[Records from a data source]
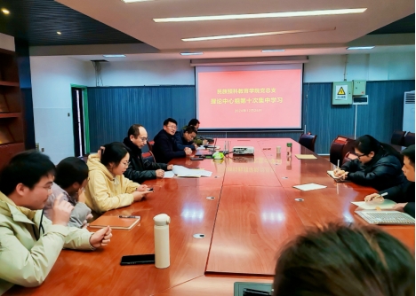 本网讯(通讯员 刘海孟)12月25日下午,我院党总支在张家界校区第三教学楼3321会议室开展2024年理论学习中心组第十次集体学习。院领导班子成员及全体教职工参加集中学习,院党总支书记李景军主持学习。
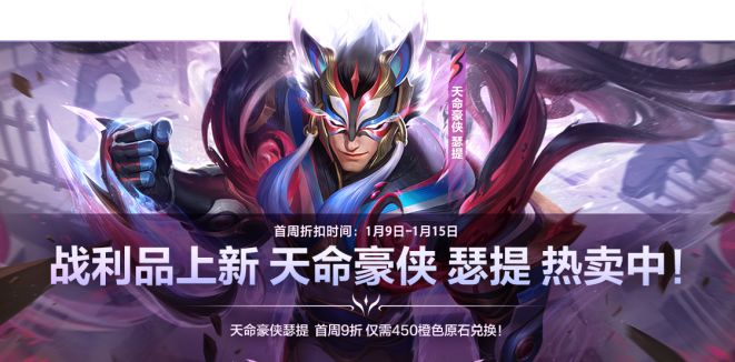 天命豪侠 瑟提将于1月9日(明日)上架战利品系统,并迎来首周(1月9日-1月15日)9折的折扣优惠,召唤师仅需橙色原石*450就可以兑换获得~
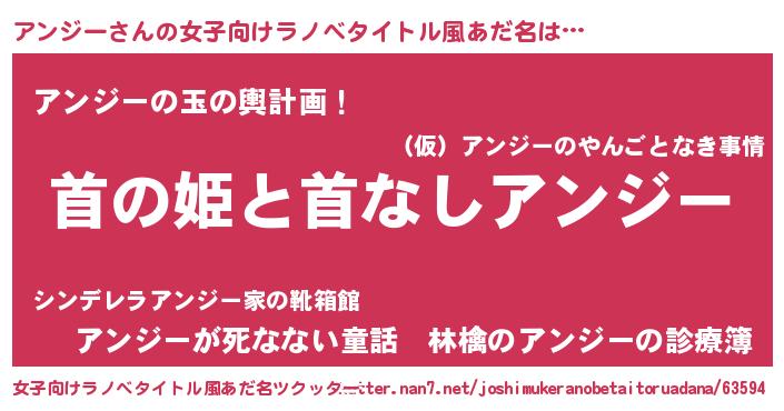 | 男性向けラノベタイトル風あだ名 | 『はたらくアンジーさま!』 |
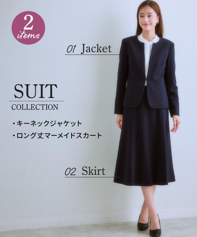 スーツ スカート レディース タテヨコ ストレッチ ロング丈マーメイド キーネック ジャケット 有 ビジネス セットアップ
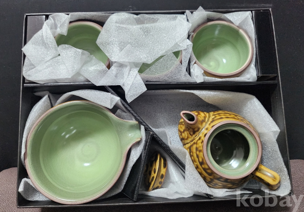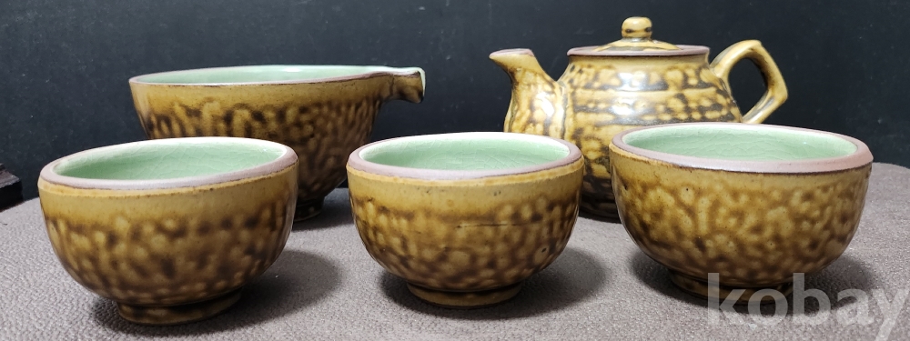 < 도예가 전시회 출품 作品 > 분청다기[粉靑茶器] < 미사용 박스 완비 작품 >
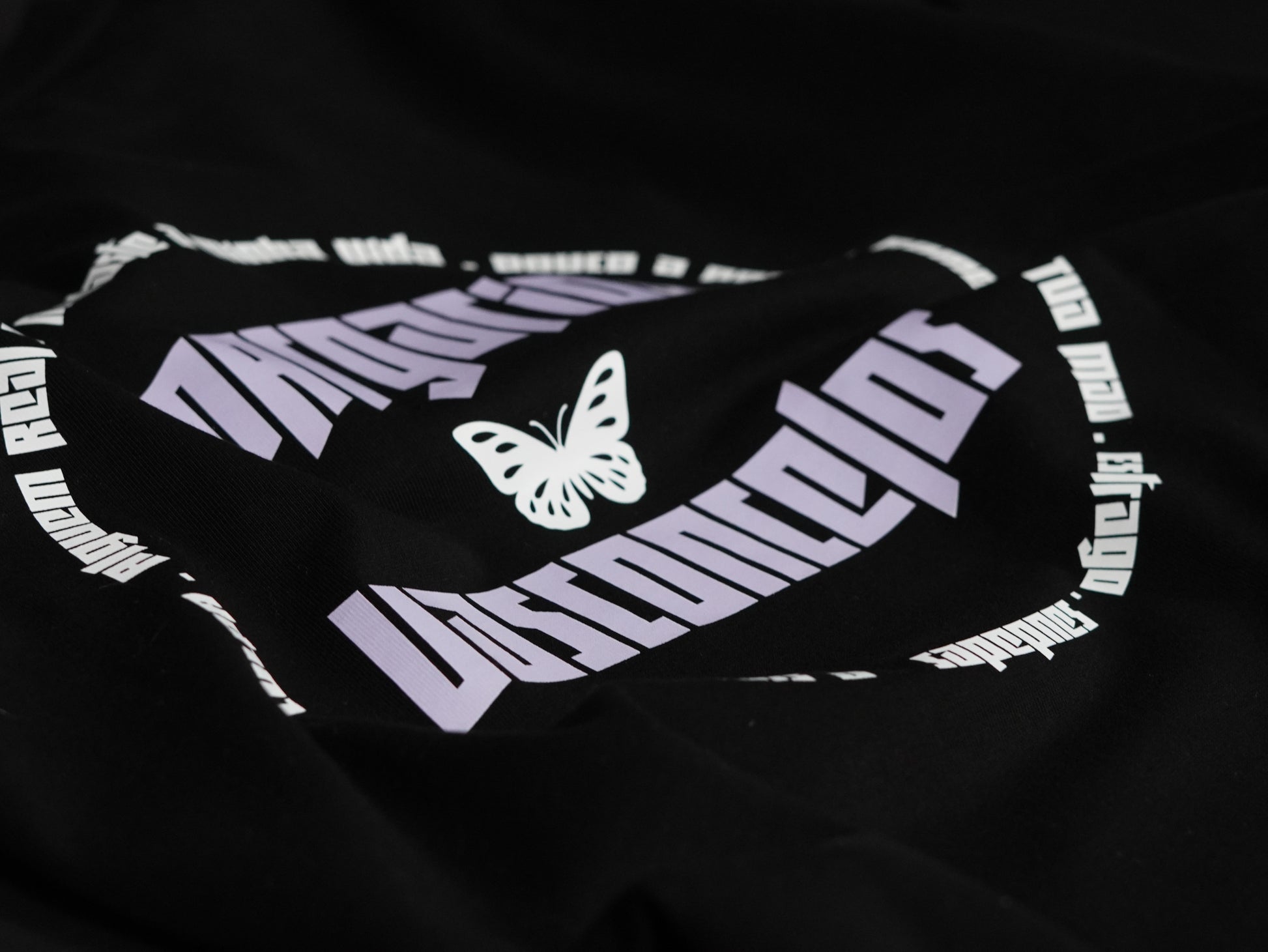 T-shirt oversized, 100% algodão, disponível na cor preta, com design moderno e exclusivo, esta t-shirt apresenta estampagem em branco e roxo, incorporando elementos gráficos e referências a títulos de algumas das músicas da artista, dando-lhe uma identidade única e contemporânea.
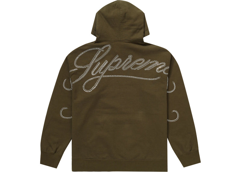 Supreme Rhinestone Script Hooded Sweatshirt Dark Olive
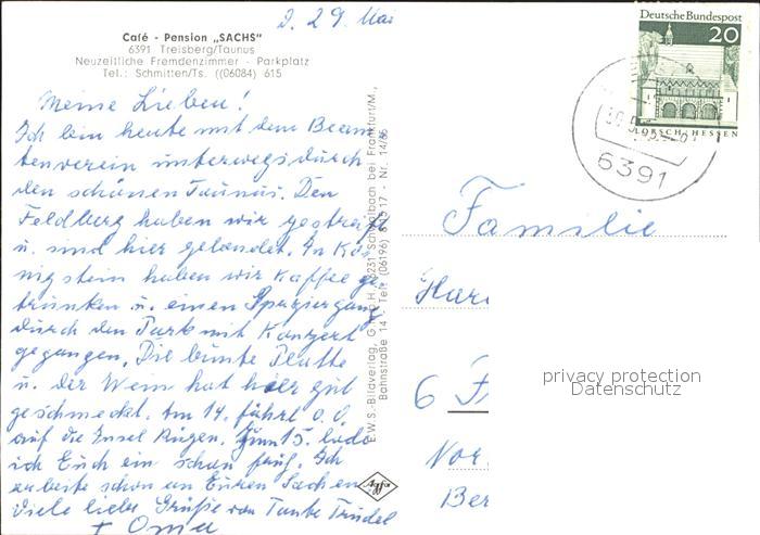 72098869 alte Postkarte Treisberg Totalansicht Panorama Cafe Pension Sachs postalisch gelaufen Erhaltung siehe scans KatCode: 11110006434009
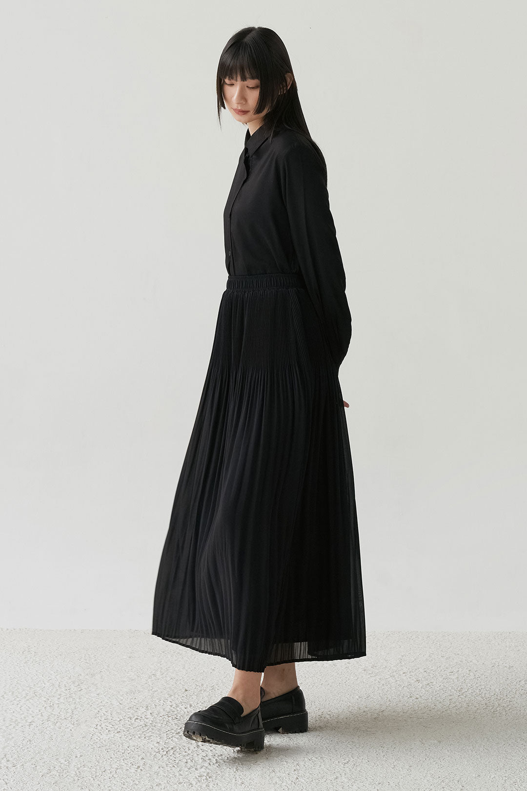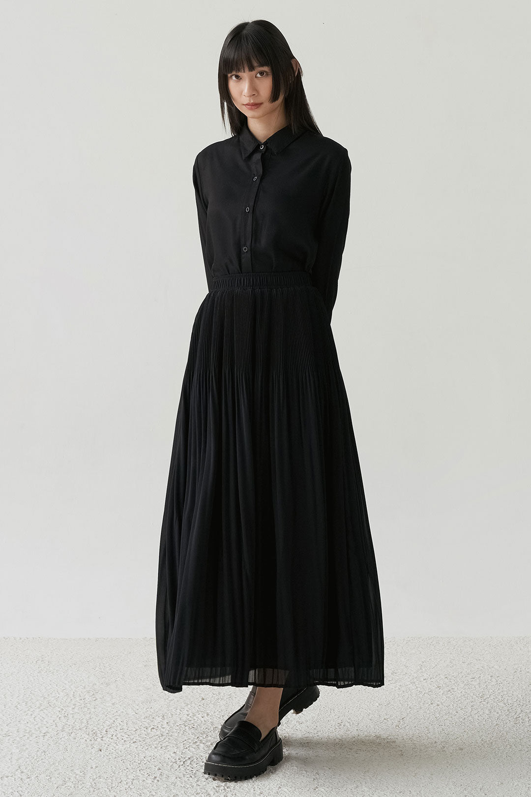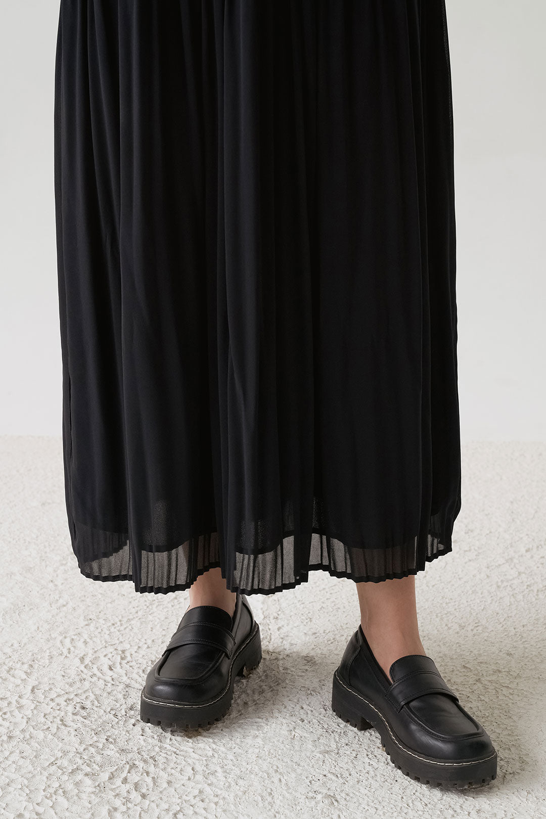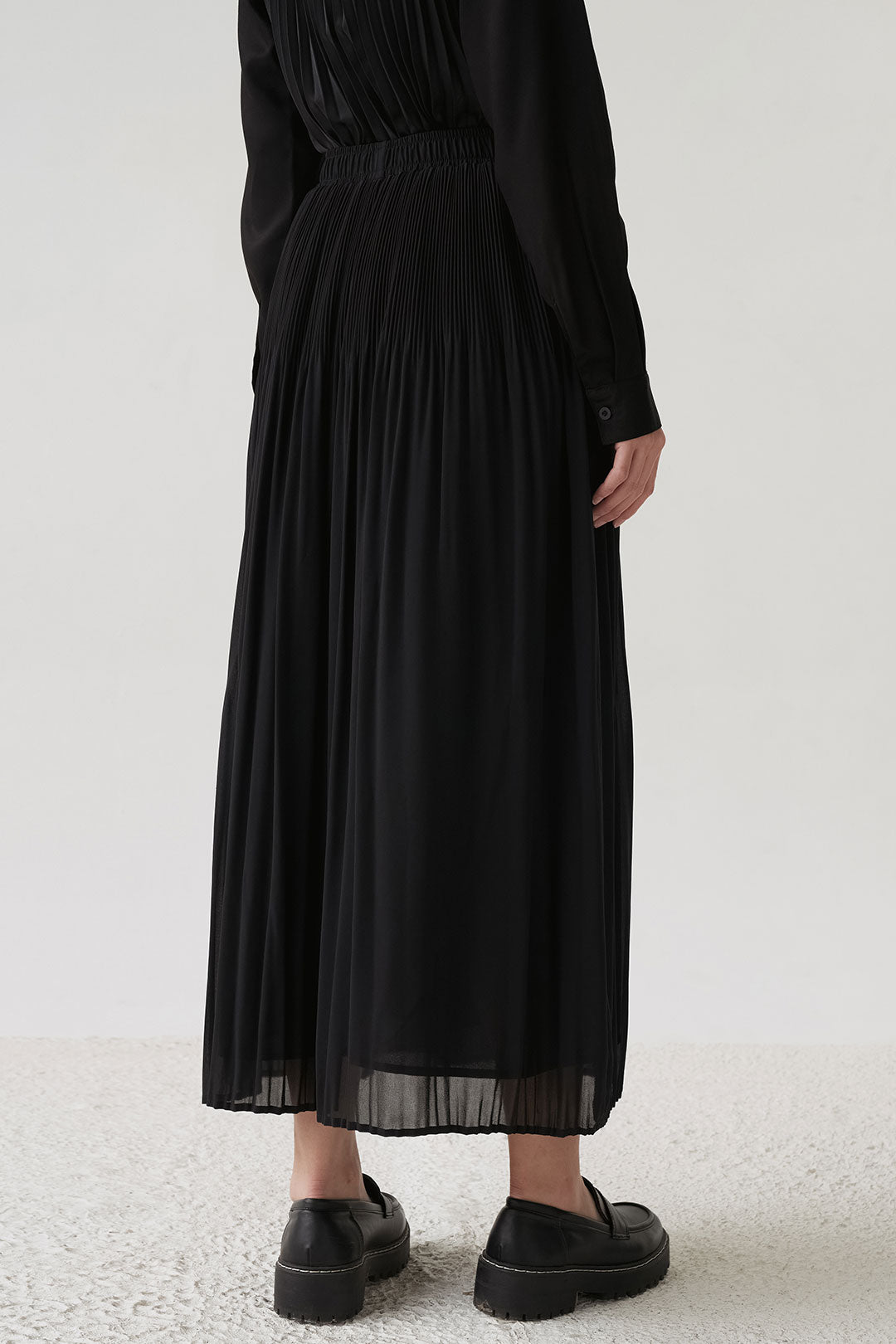 - Flowing pleated skirt that moves softly with every step
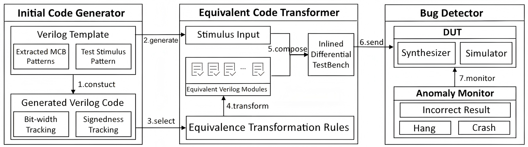 VeriEQ 的主要流程如下,包含三个重要组件:Initial Code Generator、Equivalent Code Transformer 以及 Bug Detector。
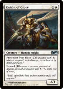 I think this card will see some play in WB Exalted decks alongside Knight of Infamy (or WG Exalted), and maybe in some Venser/Stonehorn Dignitary decks too. Exalted would work well with a 1/4 Rhino.
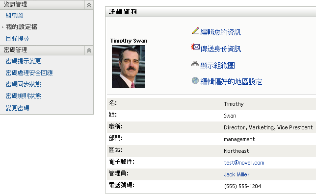 以下场景显示某个用户如何链接到另一用户和组细节。 Timothy Swan(市场营销部副总经理)登录 Identity Manager User Application,然后进入“我的配置文件”页面:

Your objective -> Exactly and only the lines from the top of the records down to the line containing "< 도예가 전시회 출품" should be transcribed, please, without the pictures.

Response to this task ->
 本网讯(通讯员 刘海孟)12月25日下午,我院党总支在张家界校区第三教学楼3321会议室开展2024年理论学习中心组第十次集体学习。院领导班子成员及全体教职工参加集中学习,院党总支书记李景军主持学习。
 天命豪侠 瑟提将于1月9日(明日)上架战利品系统,并迎来首周(1月9日-1月15日)9折的折扣优惠,召唤师仅需橙色原石*450就可以兑换获得~
 | 男性向けラノベタイトル風あだ名 | 『はたらくアンジーさま!』 |
 スーツ スカート レディース タテヨコ ストレッチ ロング丈マーメイド キーネック ジャケット 有 ビジネス セットアップ
 < 도예가 전시회 출품 作品 > 분청다기[粉靑茶器] < 미사용 박스 완비 작품 >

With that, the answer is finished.